[Source records]
····················
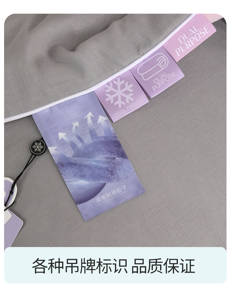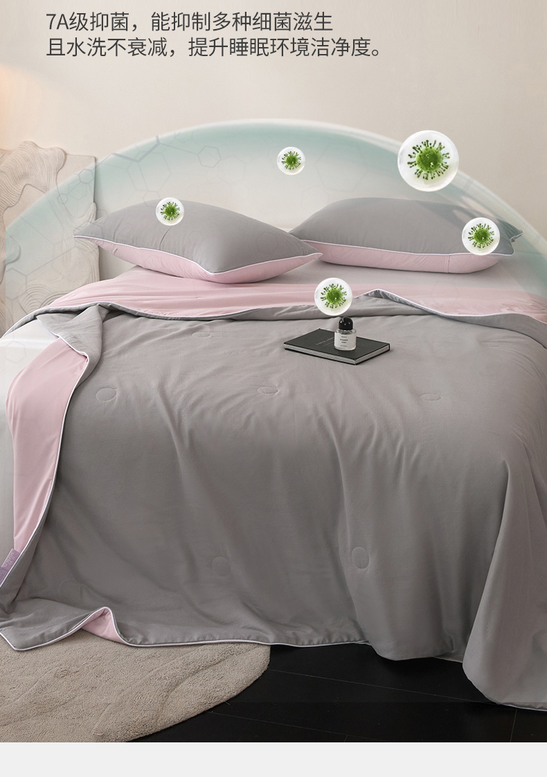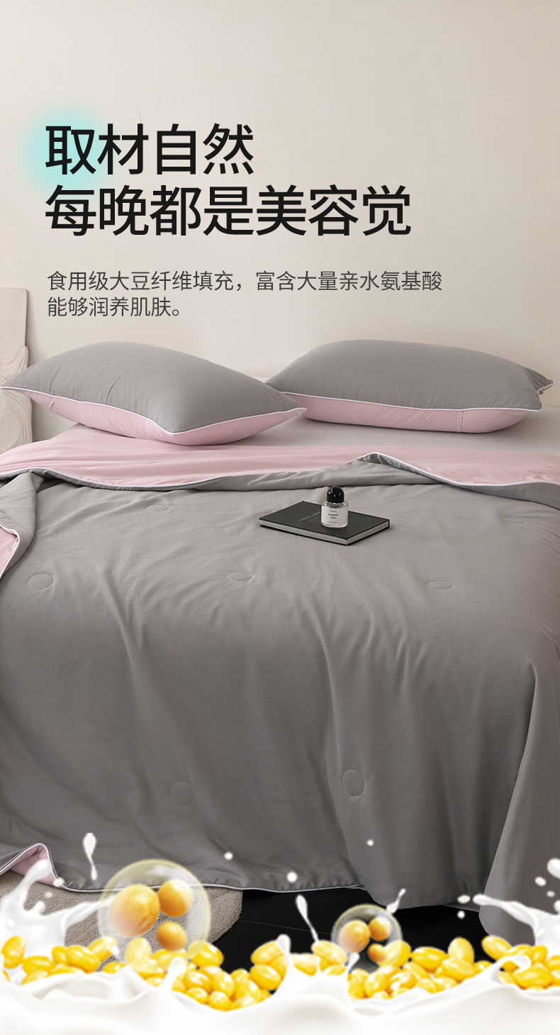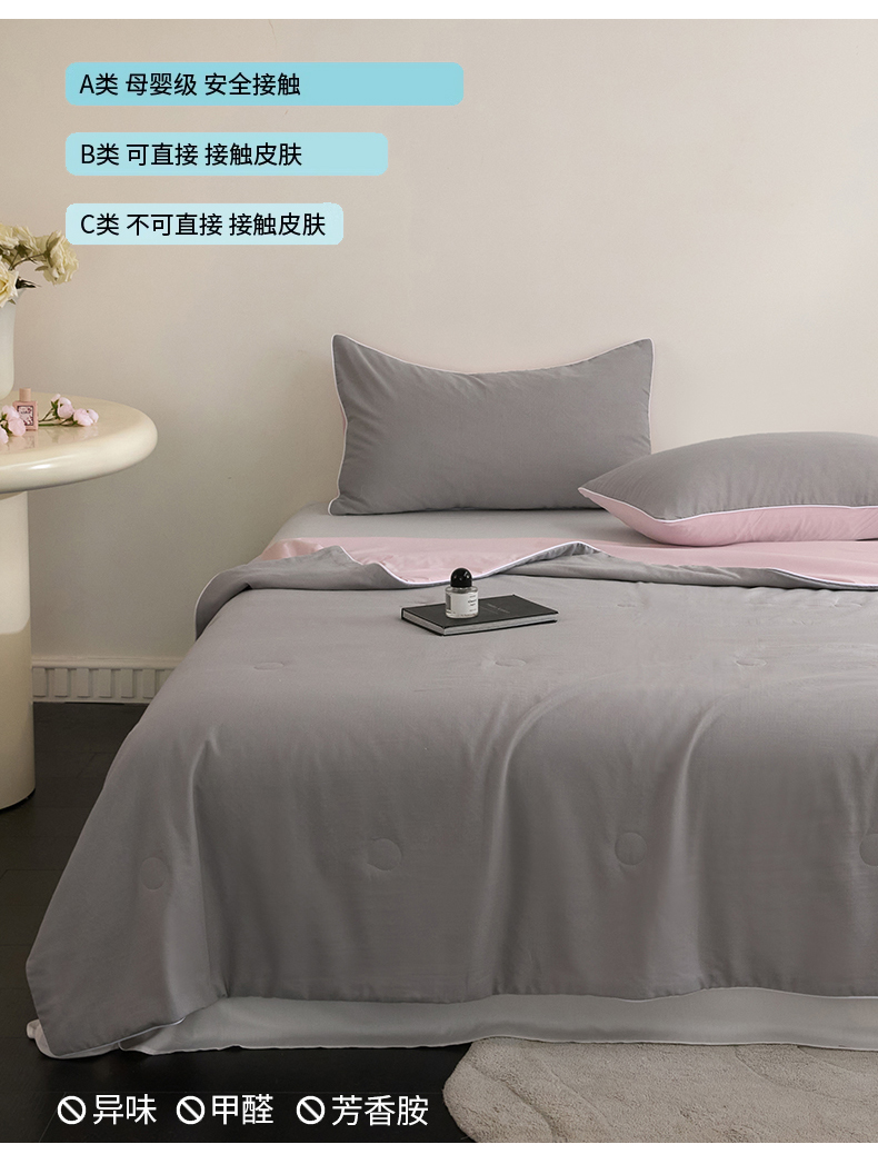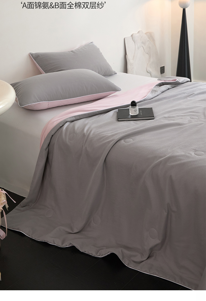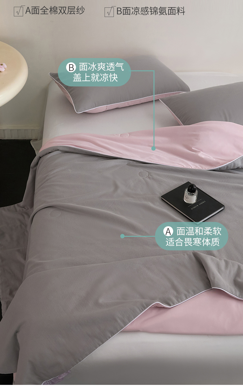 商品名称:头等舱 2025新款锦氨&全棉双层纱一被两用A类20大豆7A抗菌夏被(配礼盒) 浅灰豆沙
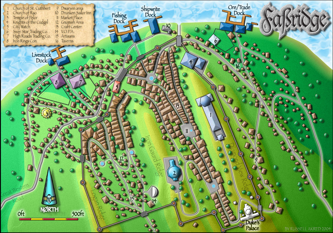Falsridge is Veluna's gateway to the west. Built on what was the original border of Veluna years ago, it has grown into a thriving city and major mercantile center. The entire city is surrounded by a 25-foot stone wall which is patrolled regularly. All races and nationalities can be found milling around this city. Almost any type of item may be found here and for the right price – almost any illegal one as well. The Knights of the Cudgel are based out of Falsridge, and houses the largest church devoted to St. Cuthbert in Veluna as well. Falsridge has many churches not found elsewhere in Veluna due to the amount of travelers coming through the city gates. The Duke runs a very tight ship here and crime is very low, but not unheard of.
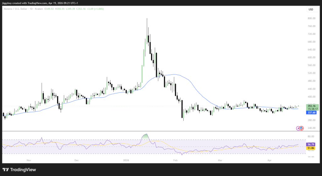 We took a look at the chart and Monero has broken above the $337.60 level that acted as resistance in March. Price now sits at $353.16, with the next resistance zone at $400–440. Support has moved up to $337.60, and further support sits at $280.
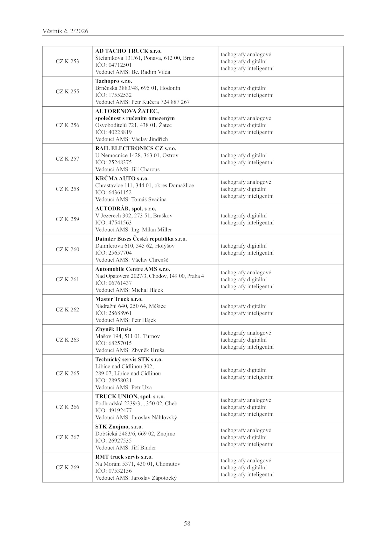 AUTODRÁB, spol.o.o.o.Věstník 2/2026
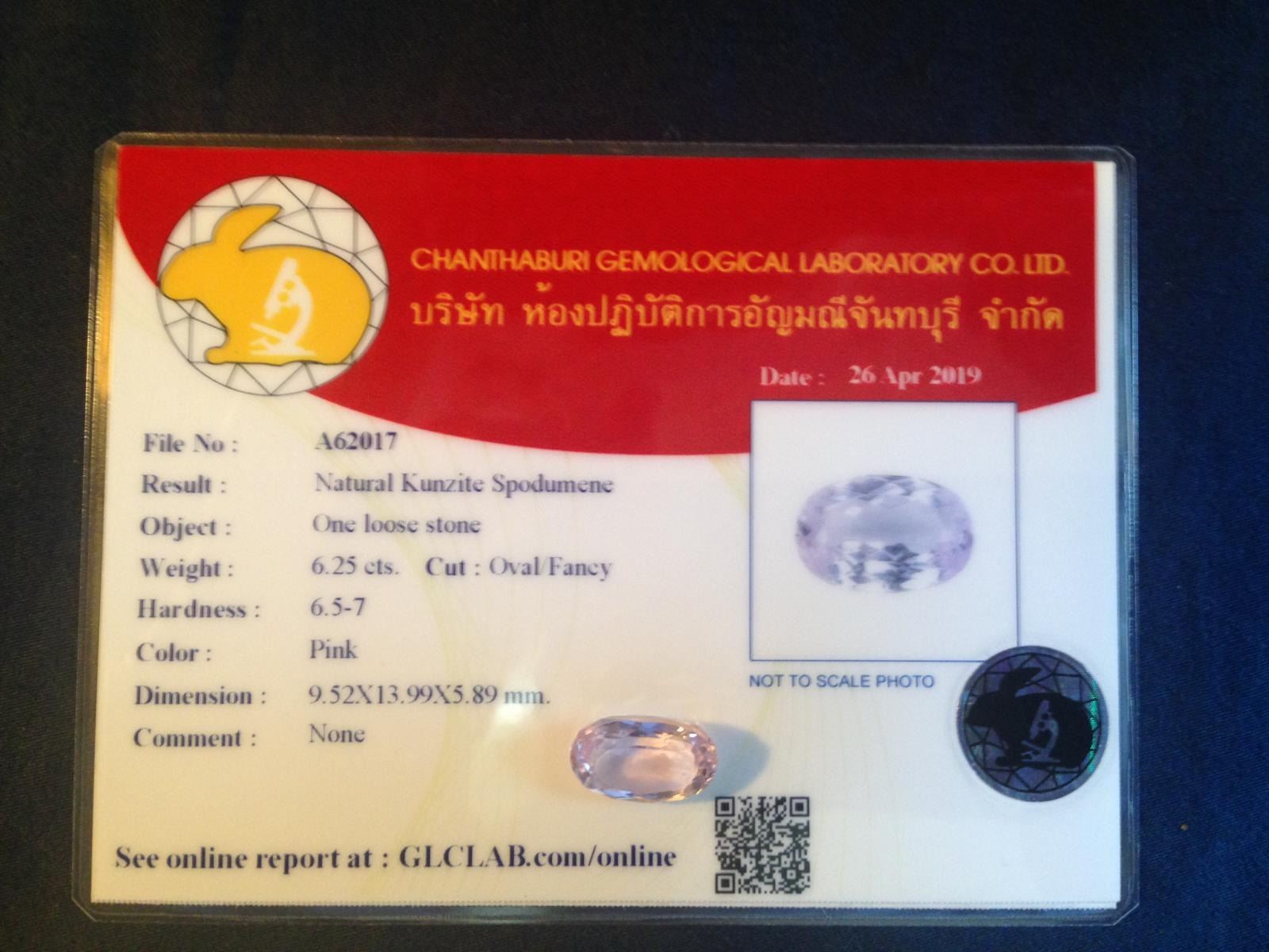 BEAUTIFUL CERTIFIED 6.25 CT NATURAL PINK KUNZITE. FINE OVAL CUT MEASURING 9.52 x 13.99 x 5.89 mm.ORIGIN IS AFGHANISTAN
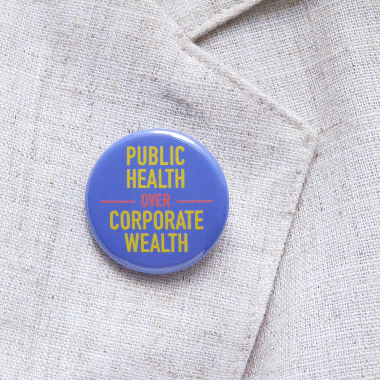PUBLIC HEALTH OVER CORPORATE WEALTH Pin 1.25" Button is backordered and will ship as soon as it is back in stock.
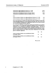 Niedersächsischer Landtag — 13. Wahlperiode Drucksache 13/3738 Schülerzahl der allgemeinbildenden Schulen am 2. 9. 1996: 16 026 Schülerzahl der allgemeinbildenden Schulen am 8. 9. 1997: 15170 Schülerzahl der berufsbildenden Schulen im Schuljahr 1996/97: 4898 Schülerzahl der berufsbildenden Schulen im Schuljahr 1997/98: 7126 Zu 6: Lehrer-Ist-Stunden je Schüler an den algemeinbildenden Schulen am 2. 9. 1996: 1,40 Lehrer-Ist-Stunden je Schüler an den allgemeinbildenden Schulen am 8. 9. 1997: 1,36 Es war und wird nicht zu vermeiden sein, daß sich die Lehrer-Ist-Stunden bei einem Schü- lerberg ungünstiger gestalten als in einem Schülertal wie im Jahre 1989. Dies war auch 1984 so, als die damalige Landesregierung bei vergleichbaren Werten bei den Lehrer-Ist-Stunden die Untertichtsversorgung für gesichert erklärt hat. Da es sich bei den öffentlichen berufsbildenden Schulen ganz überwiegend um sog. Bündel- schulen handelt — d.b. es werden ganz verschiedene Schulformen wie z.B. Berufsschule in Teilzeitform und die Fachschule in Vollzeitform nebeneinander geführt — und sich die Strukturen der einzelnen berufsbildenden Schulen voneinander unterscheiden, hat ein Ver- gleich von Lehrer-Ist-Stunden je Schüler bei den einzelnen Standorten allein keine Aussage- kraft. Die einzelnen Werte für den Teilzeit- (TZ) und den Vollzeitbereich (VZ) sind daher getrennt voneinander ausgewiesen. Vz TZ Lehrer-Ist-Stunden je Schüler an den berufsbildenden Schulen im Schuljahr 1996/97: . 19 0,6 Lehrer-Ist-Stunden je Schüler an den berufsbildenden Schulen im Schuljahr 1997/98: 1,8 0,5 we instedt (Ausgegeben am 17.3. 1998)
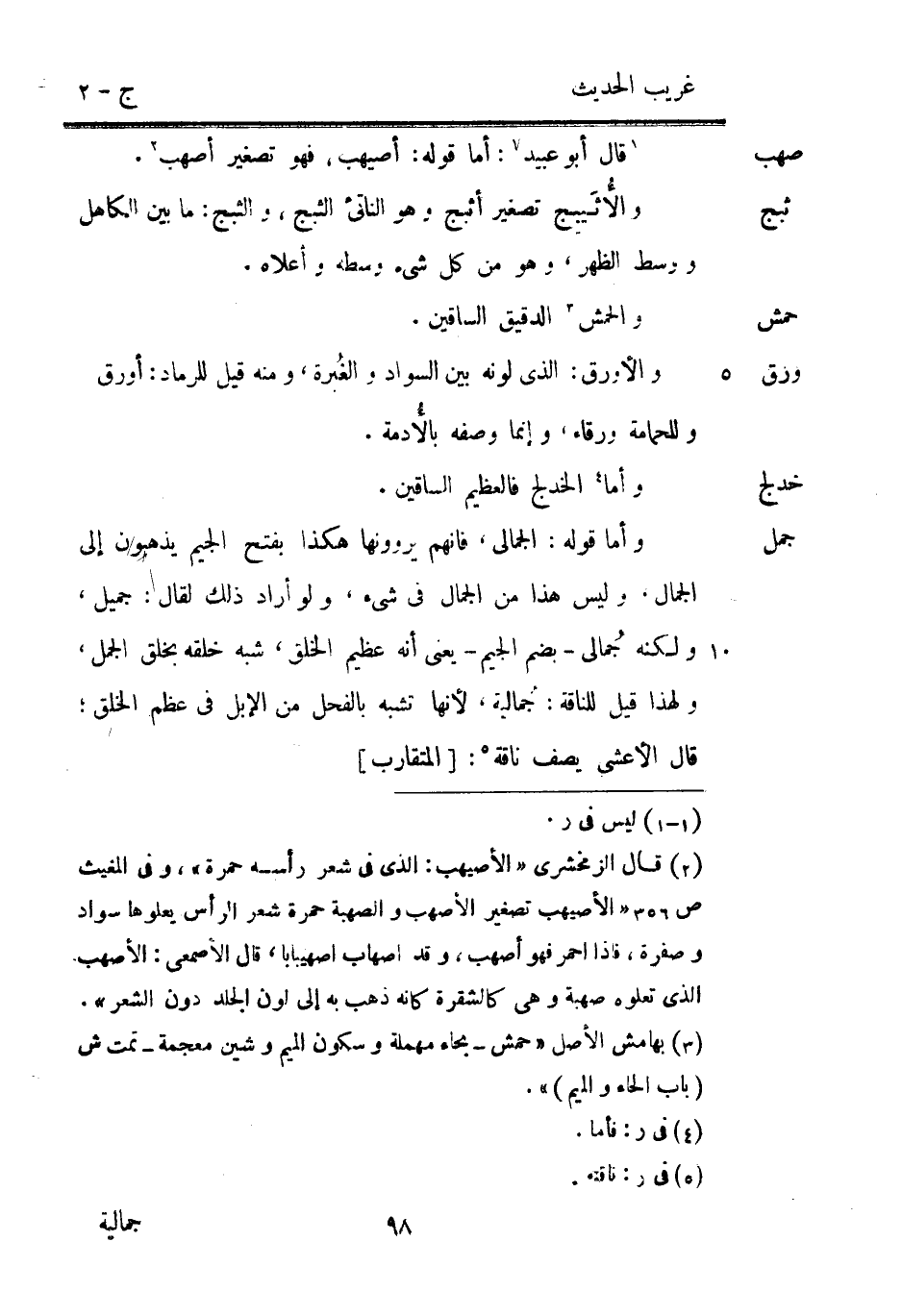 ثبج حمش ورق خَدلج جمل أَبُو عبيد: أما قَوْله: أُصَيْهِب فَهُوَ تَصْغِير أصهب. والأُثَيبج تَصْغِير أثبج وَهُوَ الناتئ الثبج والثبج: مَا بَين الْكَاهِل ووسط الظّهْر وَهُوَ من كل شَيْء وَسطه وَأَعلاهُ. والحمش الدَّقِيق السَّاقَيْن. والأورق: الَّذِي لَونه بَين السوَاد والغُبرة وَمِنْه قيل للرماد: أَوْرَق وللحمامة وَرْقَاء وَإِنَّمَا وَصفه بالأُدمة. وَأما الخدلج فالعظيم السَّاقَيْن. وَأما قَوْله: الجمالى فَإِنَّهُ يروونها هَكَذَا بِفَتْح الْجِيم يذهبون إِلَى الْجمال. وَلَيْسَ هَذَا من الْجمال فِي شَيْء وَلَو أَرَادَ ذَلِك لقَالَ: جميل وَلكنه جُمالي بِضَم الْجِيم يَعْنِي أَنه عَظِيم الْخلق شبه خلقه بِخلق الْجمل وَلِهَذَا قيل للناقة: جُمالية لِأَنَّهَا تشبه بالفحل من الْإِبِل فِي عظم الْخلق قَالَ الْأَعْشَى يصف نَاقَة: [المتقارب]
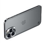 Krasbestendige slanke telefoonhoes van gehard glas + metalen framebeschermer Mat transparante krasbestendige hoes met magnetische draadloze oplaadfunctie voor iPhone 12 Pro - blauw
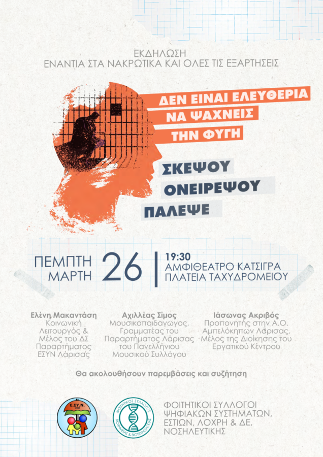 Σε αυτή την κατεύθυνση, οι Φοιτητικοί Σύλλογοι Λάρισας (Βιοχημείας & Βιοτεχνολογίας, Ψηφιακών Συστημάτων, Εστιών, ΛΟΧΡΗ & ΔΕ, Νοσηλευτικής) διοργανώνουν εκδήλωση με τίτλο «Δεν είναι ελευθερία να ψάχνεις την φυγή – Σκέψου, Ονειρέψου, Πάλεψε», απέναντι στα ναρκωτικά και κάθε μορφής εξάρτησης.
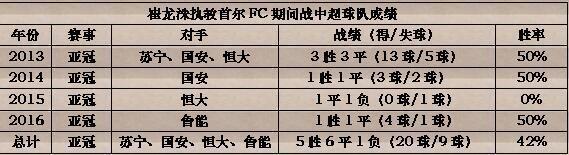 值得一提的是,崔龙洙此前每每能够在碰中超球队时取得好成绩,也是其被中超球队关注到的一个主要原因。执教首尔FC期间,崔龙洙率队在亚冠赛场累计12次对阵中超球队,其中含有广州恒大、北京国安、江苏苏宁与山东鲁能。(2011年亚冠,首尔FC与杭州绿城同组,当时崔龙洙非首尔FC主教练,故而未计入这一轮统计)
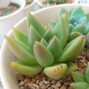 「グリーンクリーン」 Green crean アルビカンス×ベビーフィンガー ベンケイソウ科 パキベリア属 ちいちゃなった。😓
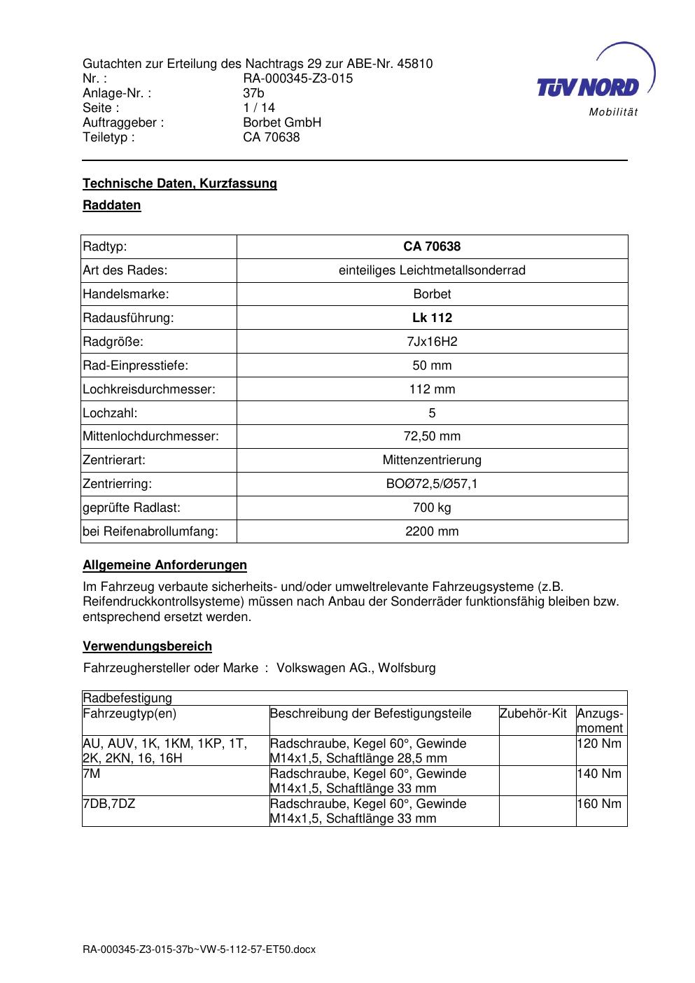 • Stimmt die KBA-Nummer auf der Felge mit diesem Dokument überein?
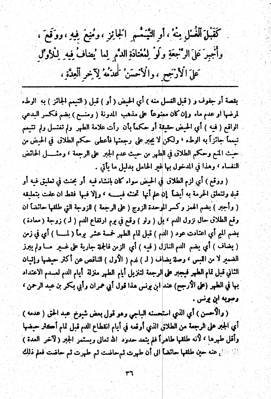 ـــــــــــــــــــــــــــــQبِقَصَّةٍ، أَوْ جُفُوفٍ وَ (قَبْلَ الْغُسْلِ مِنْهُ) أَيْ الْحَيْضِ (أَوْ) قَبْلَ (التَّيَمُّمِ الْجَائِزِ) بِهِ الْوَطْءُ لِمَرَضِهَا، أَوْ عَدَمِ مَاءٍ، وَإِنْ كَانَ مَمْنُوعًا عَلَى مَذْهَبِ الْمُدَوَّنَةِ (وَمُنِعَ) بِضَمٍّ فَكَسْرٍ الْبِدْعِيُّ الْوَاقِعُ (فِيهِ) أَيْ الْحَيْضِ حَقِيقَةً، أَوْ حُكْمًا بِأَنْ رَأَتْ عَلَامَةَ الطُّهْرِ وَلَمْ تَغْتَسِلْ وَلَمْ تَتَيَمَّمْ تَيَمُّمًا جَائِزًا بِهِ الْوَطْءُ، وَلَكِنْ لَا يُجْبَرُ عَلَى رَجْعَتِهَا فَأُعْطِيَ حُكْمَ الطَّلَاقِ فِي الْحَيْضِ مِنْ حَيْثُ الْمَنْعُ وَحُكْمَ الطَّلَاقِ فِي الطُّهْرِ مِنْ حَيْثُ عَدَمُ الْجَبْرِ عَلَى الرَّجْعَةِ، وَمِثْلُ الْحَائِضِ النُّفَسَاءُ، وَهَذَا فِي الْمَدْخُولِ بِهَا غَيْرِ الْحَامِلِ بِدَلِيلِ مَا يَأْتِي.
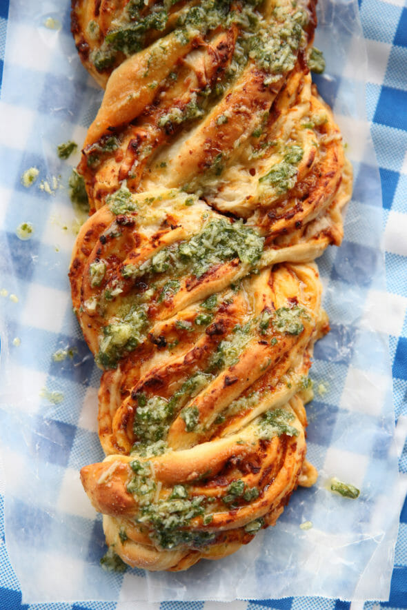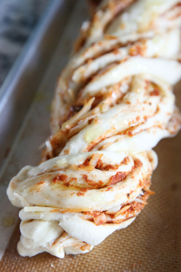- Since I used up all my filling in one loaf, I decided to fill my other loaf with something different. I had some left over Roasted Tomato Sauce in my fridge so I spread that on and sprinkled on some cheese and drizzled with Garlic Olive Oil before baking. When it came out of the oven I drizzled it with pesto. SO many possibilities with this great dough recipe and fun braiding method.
····················
■ What the task asks: The line containing "值得一提的是,崔龙洙此前每每" and all lines after it, through the last line of the records, should be returned exactly. Omit the pictures.

■ Answer:
 值得一提的是,崔龙洙此前每每能够在碰中超球队时取得好成绩,也是其被中超球队关注到的一个主要原因。执教首尔FC期间,崔龙洙率队在亚冠赛场累计12次对阵中超球队,其中含有广州恒大、北京国安、江苏苏宁与山东鲁能。(2011年亚冠,首尔FC与杭州绿城同组,当时崔龙洙非首尔FC主教练,故而未计入这一轮统计)
 「グリーンクリーン」 Green crean アルビカンス×ベビーフィンガー ベンケイソウ科 パキベリア属 ちいちゃなった。😓
 • Stimmt die KBA-Nummer auf der Felge mit diesem Dokument überein?
 ـــــــــــــــــــــــــــــQبِقَصَّةٍ، أَوْ جُفُوفٍ وَ (قَبْلَ الْغُسْلِ مِنْهُ) أَيْ الْحَيْضِ (أَوْ) قَبْلَ (التَّيَمُّمِ الْجَائِزِ) بِهِ الْوَطْءُ لِمَرَضِهَا، أَوْ عَدَمِ مَاءٍ، وَإِنْ كَانَ مَمْنُوعًا عَلَى مَذْهَبِ الْمُدَوَّنَةِ (وَمُنِعَ) بِضَمٍّ فَكَسْرٍ الْبِدْعِيُّ الْوَاقِعُ (فِيهِ) أَيْ الْحَيْضِ حَقِيقَةً، أَوْ حُكْمًا بِأَنْ رَأَتْ عَلَامَةَ الطُّهْرِ وَلَمْ تَغْتَسِلْ وَلَمْ تَتَيَمَّمْ تَيَمُّمًا جَائِزًا بِهِ الْوَطْءُ، وَلَكِنْ لَا يُجْبَرُ عَلَى رَجْعَتِهَا فَأُعْطِيَ حُكْمَ الطَّلَاقِ فِي الْحَيْضِ مِنْ حَيْثُ الْمَنْعُ وَحُكْمَ الطَّلَاقِ فِي الطُّهْرِ مِنْ حَيْثُ عَدَمُ الْجَبْرِ عَلَى الرَّجْعَةِ، وَمِثْلُ الْحَائِضِ النُّفَسَاءُ، وَهَذَا فِي الْمَدْخُولِ بِهَا غَيْرِ الْحَامِلِ بِدَلِيلِ مَا يَأْتِي.
- Since I used up all my filling in one loaf, I decided to fill my other loaf with something different. I had some left over Roasted Tomato Sauce in my fridge so I spread that on and sprinkled on some cheese and drizzled with Garlic Olive Oil before baking. When it came out of the oven I drizzled it with pesto. SO many possibilities with this great dough recipe and fun braiding method.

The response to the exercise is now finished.